** Opening RECORDED INFORMATION block **

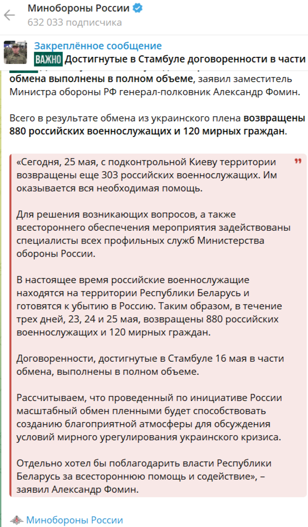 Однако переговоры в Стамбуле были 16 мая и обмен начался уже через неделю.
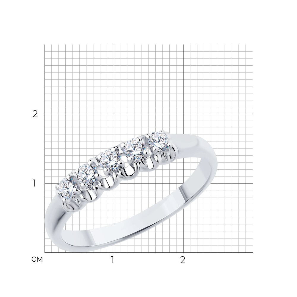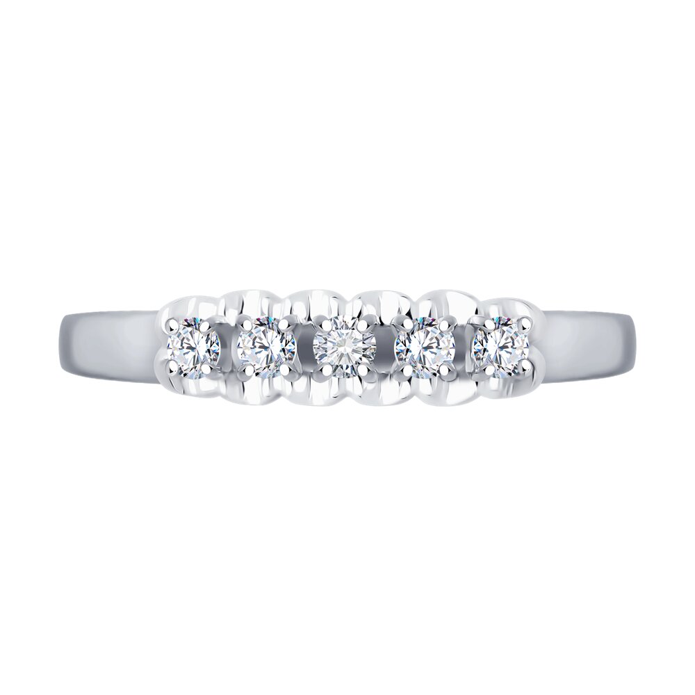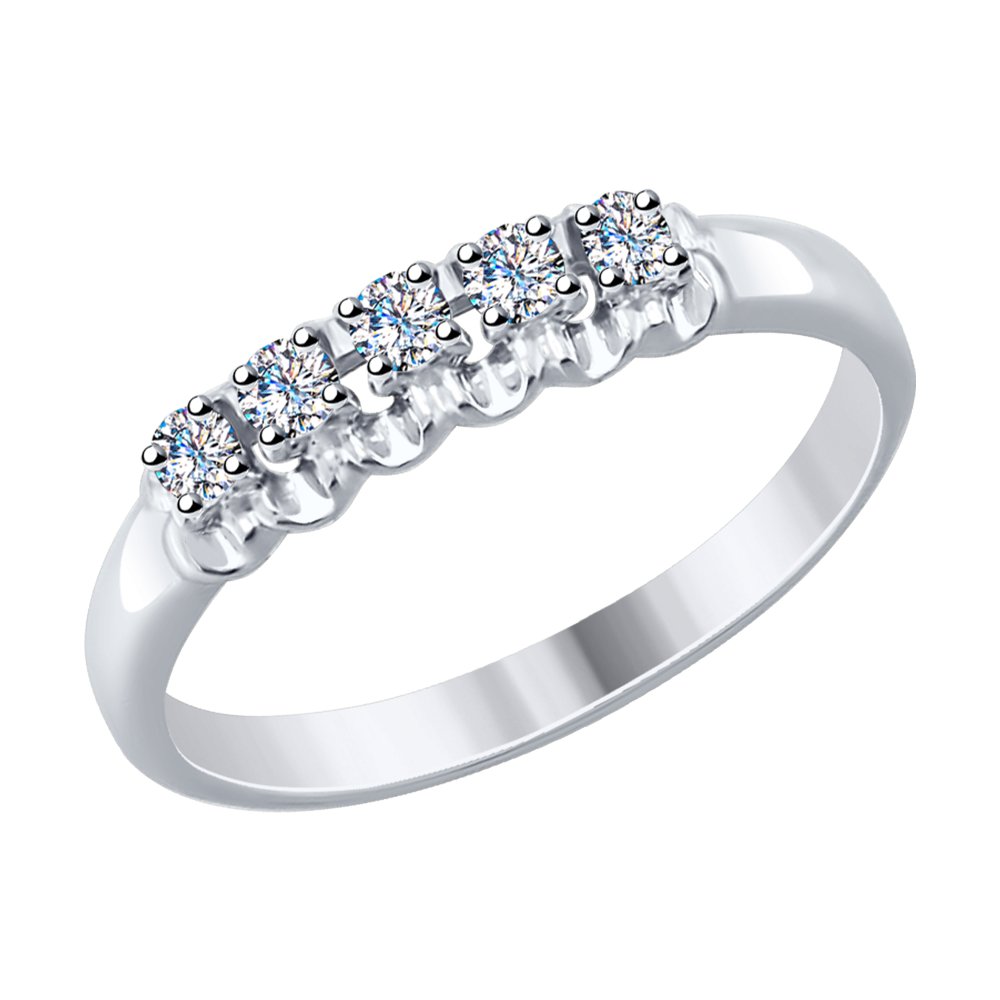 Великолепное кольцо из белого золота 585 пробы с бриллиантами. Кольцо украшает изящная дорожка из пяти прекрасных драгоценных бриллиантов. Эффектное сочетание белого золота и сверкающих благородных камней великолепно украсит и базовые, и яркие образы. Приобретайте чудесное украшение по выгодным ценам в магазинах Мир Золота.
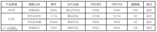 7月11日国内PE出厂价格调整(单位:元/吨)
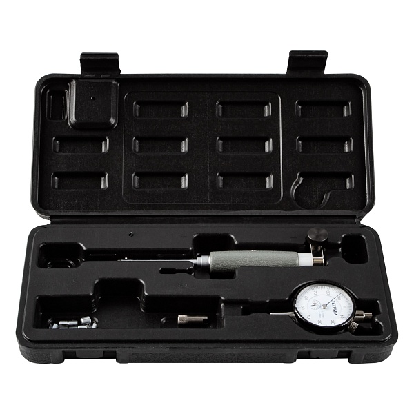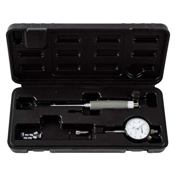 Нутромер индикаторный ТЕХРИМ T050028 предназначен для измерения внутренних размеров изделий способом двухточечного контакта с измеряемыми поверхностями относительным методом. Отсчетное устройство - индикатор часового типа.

** Closing RECORDED INFORMATION block **

- **WHAT TO WORK ON**: In your output, repeat the listing above exactly and include none of the pictures.

- **OUTPUT OF THE TASK**:
 Однако переговоры в Стамбуле были 16 мая и обмен начался уже через неделю.
 Великолепное кольцо из белого золота 585 пробы с бриллиантами. Кольцо украшает изящная дорожка из пяти прекрасных драгоценных бриллиантов. Эффектное сочетание белого золота и сверкающих благородных камней великолепно украсит и базовые, и яркие образы. Приобретайте чудесное украшение по выгодным ценам в магазинах Мир Золота.
 7月11日国内PE出厂价格调整(单位:元/吨)
 Нутромер индикаторный ТЕХРИМ T050028 предназначен для измерения внутренних размеров изделий способом двухточечного контакта с измеряемыми поверхностями относительным методом. Отсчетное устройство - индикатор часового типа.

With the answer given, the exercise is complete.